## Work order
Images don't belong in the copy. Output the rest of the data exactly.

--- Material supplied Enclosed Below ---

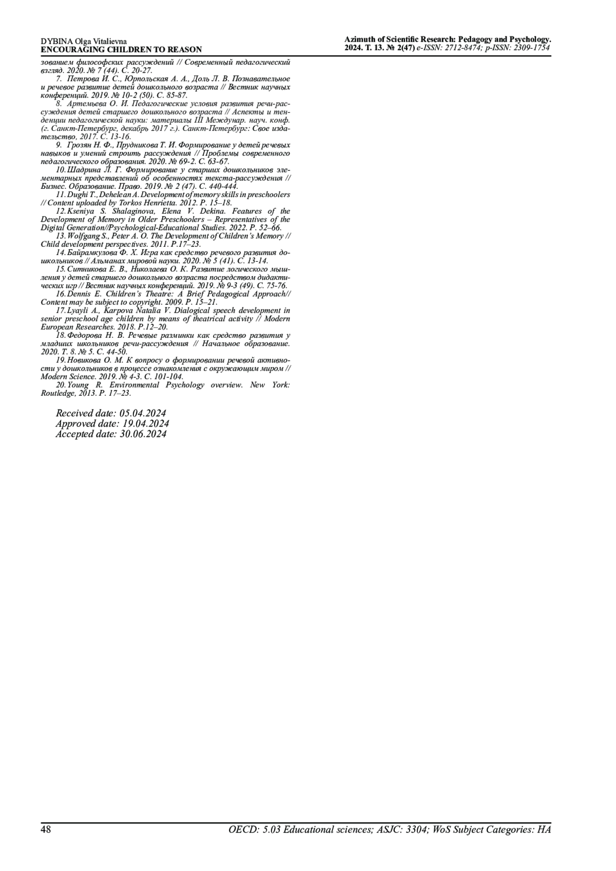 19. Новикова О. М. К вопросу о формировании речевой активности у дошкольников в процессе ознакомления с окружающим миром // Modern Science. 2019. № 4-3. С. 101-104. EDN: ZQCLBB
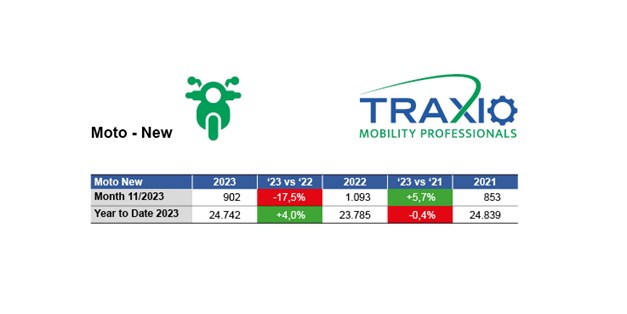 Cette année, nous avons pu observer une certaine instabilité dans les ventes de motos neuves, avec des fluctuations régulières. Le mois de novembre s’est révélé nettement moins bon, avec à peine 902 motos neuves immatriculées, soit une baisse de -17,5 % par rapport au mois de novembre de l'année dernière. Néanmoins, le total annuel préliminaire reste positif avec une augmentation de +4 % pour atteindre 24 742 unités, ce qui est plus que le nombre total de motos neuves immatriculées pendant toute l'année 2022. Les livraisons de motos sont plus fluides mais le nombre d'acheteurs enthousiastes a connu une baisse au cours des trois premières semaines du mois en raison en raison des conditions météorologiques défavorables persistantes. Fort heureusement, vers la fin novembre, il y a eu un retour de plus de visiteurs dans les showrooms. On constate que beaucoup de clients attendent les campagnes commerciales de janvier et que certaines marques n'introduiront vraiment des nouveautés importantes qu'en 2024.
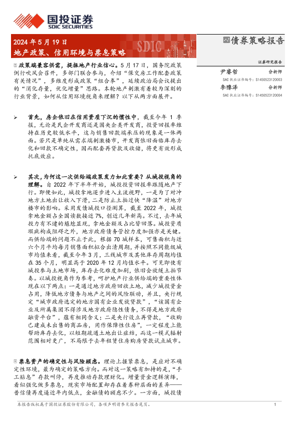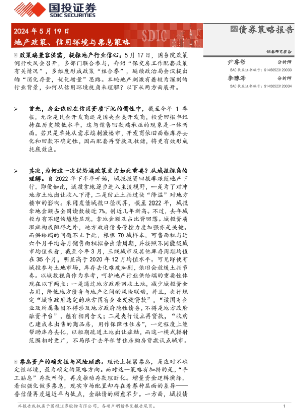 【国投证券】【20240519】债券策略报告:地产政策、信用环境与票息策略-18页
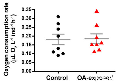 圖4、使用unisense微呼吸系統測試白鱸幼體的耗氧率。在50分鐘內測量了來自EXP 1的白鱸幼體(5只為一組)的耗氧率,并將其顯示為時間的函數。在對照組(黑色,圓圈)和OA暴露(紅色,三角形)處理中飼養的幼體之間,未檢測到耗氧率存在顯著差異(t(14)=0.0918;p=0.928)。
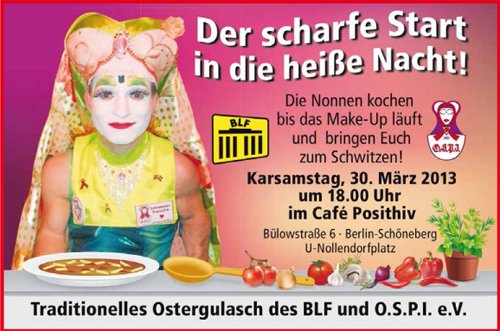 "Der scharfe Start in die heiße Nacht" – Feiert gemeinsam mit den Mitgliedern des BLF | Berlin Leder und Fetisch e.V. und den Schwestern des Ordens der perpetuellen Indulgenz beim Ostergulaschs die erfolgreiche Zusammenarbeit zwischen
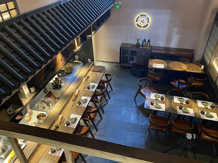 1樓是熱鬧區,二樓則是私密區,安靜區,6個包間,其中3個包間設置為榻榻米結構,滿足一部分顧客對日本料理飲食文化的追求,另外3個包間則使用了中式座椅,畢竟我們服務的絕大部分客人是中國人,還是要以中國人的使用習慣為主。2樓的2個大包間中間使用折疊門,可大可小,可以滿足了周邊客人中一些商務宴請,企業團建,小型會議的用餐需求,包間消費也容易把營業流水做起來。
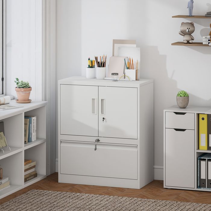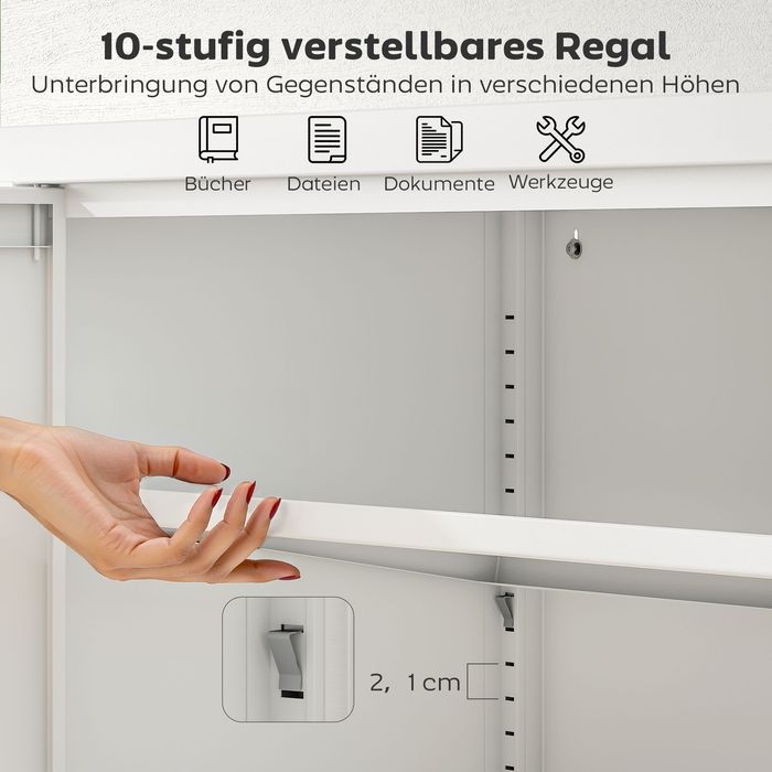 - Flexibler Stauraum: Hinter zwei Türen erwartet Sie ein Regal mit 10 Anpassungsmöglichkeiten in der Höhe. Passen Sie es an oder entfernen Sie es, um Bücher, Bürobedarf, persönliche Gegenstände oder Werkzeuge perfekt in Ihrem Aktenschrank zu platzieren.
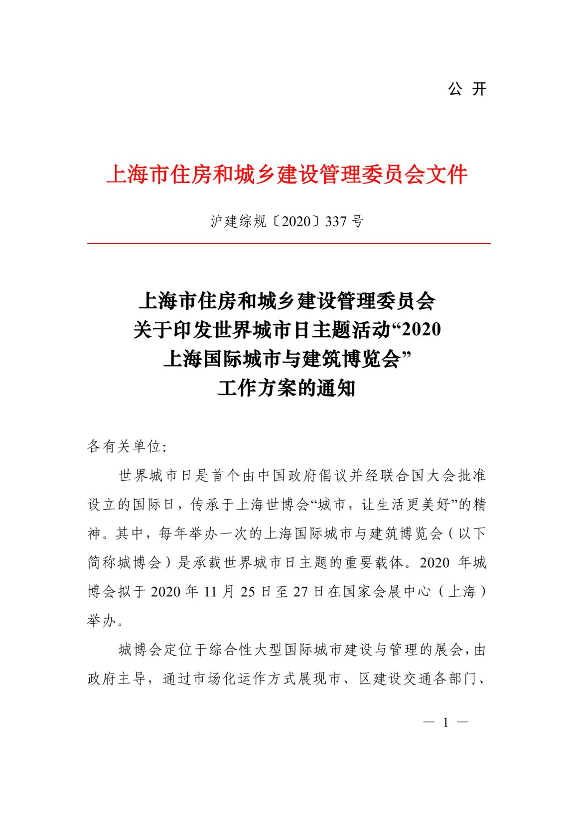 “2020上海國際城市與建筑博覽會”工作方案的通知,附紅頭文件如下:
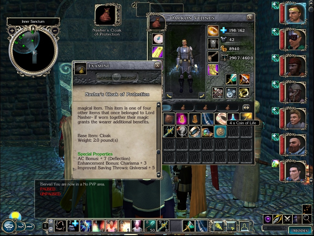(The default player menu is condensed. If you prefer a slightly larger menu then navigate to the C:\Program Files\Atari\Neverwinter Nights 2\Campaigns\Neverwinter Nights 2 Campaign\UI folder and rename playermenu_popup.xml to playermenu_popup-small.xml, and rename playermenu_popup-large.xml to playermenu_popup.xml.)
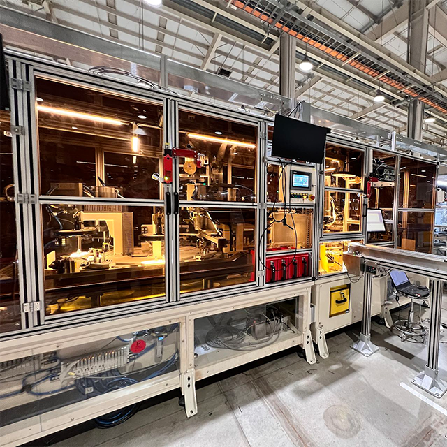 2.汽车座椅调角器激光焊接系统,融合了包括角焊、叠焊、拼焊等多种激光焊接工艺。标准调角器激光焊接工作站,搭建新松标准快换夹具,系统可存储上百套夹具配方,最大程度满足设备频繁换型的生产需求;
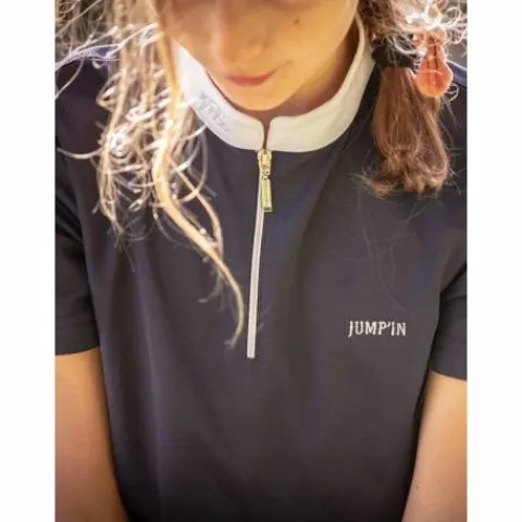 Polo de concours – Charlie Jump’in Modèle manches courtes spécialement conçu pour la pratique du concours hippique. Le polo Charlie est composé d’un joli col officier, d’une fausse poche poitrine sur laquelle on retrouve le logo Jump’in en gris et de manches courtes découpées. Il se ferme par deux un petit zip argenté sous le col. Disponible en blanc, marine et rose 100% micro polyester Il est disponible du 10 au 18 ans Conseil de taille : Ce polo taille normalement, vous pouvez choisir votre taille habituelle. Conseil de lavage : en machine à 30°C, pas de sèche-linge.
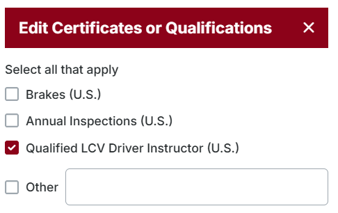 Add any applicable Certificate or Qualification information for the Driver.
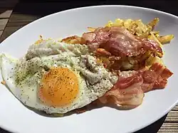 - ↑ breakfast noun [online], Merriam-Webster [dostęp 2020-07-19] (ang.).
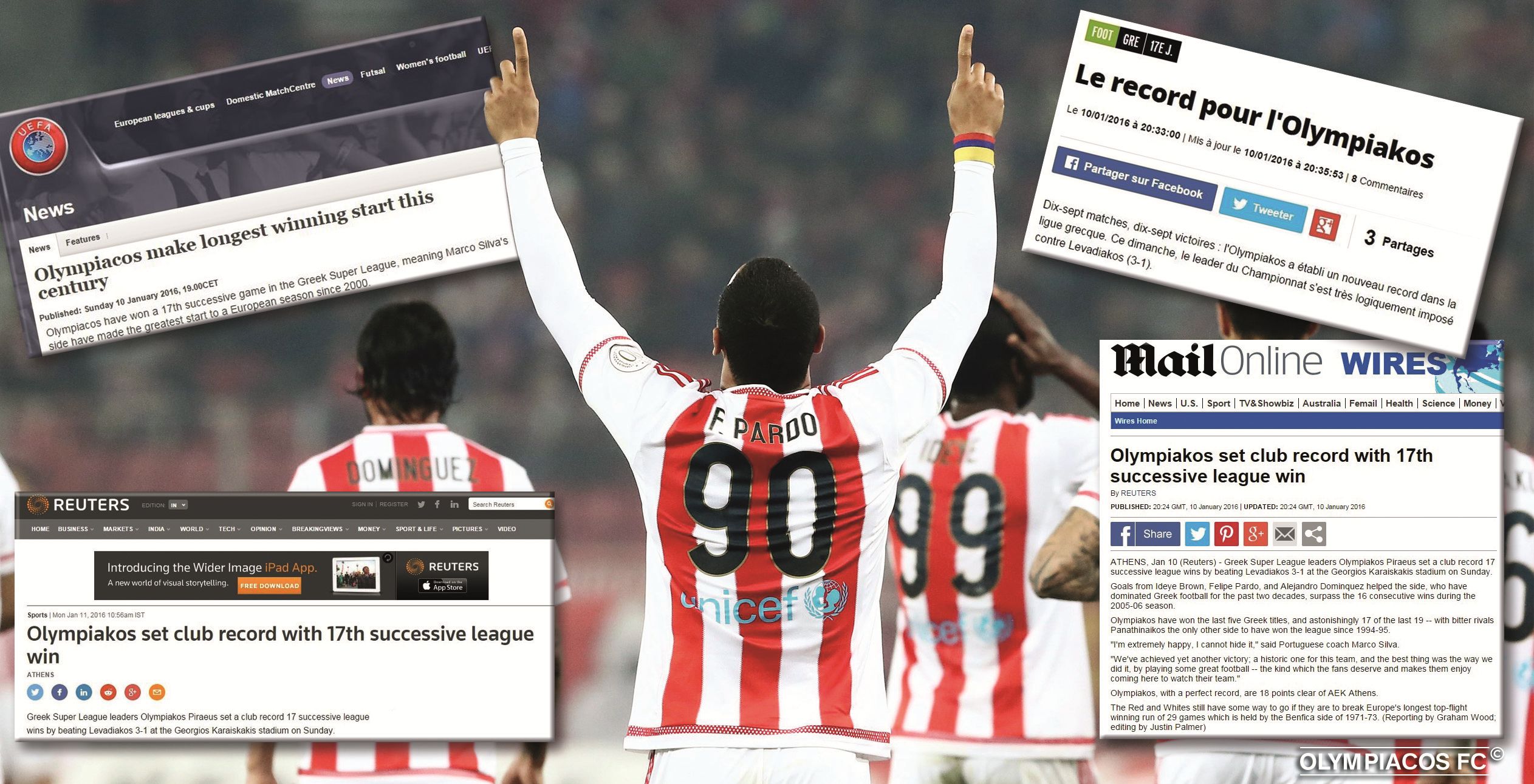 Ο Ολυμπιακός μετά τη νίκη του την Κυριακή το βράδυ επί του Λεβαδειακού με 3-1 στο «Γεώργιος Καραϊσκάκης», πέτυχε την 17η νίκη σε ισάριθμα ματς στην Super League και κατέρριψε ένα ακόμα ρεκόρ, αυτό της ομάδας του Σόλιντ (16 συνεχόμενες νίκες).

--- End of Enclosed Material supplied ---

## Result of the task
 19. Новикова О. М. К вопросу о формировании речевой активности у дошкольников в процессе ознакомления с окружающим миром // Modern Science. 2019. № 4-3. С. 101-104. EDN: ZQCLBB
 Cette année, nous avons pu observer une certaine instabilité dans les ventes de motos neuves, avec des fluctuations régulières. Le mois de novembre s’est révélé nettement moins bon, avec à peine 902 motos neuves immatriculées, soit une baisse de -17,5 % par rapport au mois de novembre de l'année dernière. Néanmoins, le total annuel préliminaire reste positif avec une augmentation de +4 % pour atteindre 24 742 unités, ce qui est plus que le nombre total de motos neuves immatriculées pendant toute l'année 2022. Les livraisons de motos sont plus fluides mais le nombre d'acheteurs enthousiastes a connu une baisse au cours des trois premières semaines du mois en raison en raison des conditions météorologiques défavorables persistantes. Fort heureusement, vers la fin novembre, il y a eu un retour de plus de visiteurs dans les showrooms. On constate que beaucoup de clients attendent les campagnes commerciales de janvier et que certaines marques n'introduiront vraiment des nouveautés importantes qu'en 2024.
 【国投证券】【20240519】债券策略报告:地产政策、信用环境与票息策略-18页
 圖4、使用unisense微呼吸系統測試白鱸幼體的耗氧率。在50分鐘內測量了來自EXP 1的白鱸幼體(5只為一組)的耗氧率,并將其顯示為時間的函數。在對照組(黑色,圓圈)和OA暴露(紅色,三角形)處理中飼養的幼體之間,未檢測到耗氧率存在顯著差異(t(14)=0.0918;p=0.928)。
 "Der scharfe Start in die heiße Nacht" – Feiert gemeinsam mit den Mitgliedern des BLF | Berlin Leder und Fetisch e.V. und den Schwestern des Ordens der perpetuellen Indulgenz beim Ostergulaschs die erfolgreiche Zusammenarbeit zwischen
 1樓是熱鬧區,二樓則是私密區,安靜區,6個包間,其中3個包間設置為榻榻米結構,滿足一部分顧客對日本料理飲食文化的追求,另外3個包間則使用了中式座椅,畢竟我們服務的絕大部分客人是中國人,還是要以中國人的使用習慣為主。2樓的2個大包間中間使用折疊門,可大可小,可以滿足了周邊客人中一些商務宴請,企業團建,小型會議的用餐需求,包間消費也容易把營業流水做起來。
 - Flexibler Stauraum: Hinter zwei Türen erwartet Sie ein Regal mit 10 Anpassungsmöglichkeiten in der Höhe. Passen Sie es an oder entfernen Sie es, um Bücher, Bürobedarf, persönliche Gegenstände oder Werkzeuge perfekt in Ihrem Aktenschrank zu platzieren.
 “2020上海國際城市與建筑博覽會”工作方案的通知,附紅頭文件如下:
(The default player menu is condensed. If you prefer a slightly larger menu then navigate to the C:\Program Files\Atari\Neverwinter Nights 2\Campaigns\Neverwinter Nights 2 Campaign\UI folder and rename playermenu_popup.xml to playermenu_popup-small.xml, and rename playermenu_popup-large.xml to playermenu_popup.xml.)
 2.汽车座椅调角器激光焊接系统,融合了包括角焊、叠焊、拼焊等多种激光焊接工艺。标准调角器激光焊接工作站,搭建新松标准快换夹具,系统可存储上百套夹具配方,最大程度满足设备频繁换型的生产需求;
 Polo de concours – Charlie Jump’in Modèle manches courtes spécialement conçu pour la pratique du concours hippique. Le polo Charlie est composé d’un joli col officier, d’une fausse poche poitrine sur laquelle on retrouve le logo Jump’in en gris et de manches courtes découpées. Il se ferme par deux un petit zip argenté sous le col. Disponible en blanc, marine et rose 100% micro polyester Il est disponible du 10 au 18 ans Conseil de taille : Ce polo taille normalement, vous pouvez choisir votre taille habituelle. Conseil de lavage : en machine à 30°C, pas de sèche-linge.
 Add any applicable Certificate or Qualification information for the Driver.
 - ↑ breakfast noun [online], Merriam-Webster [dostęp 2020-07-19] (ang.).
 Ο Ολυμπιακός μετά τη νίκη του την Κυριακή το βράδυ επί του Λεβαδειακού με 3-1 στο «Γεώργιος Καραϊσκάκης», πέτυχε την 17η νίκη σε ισάριθμα ματς στην Super League και κατέρριψε ένα ακόμα ρεκόρ, αυτό της ομάδας του Σόλιντ (16 συνεχόμενες νίκες).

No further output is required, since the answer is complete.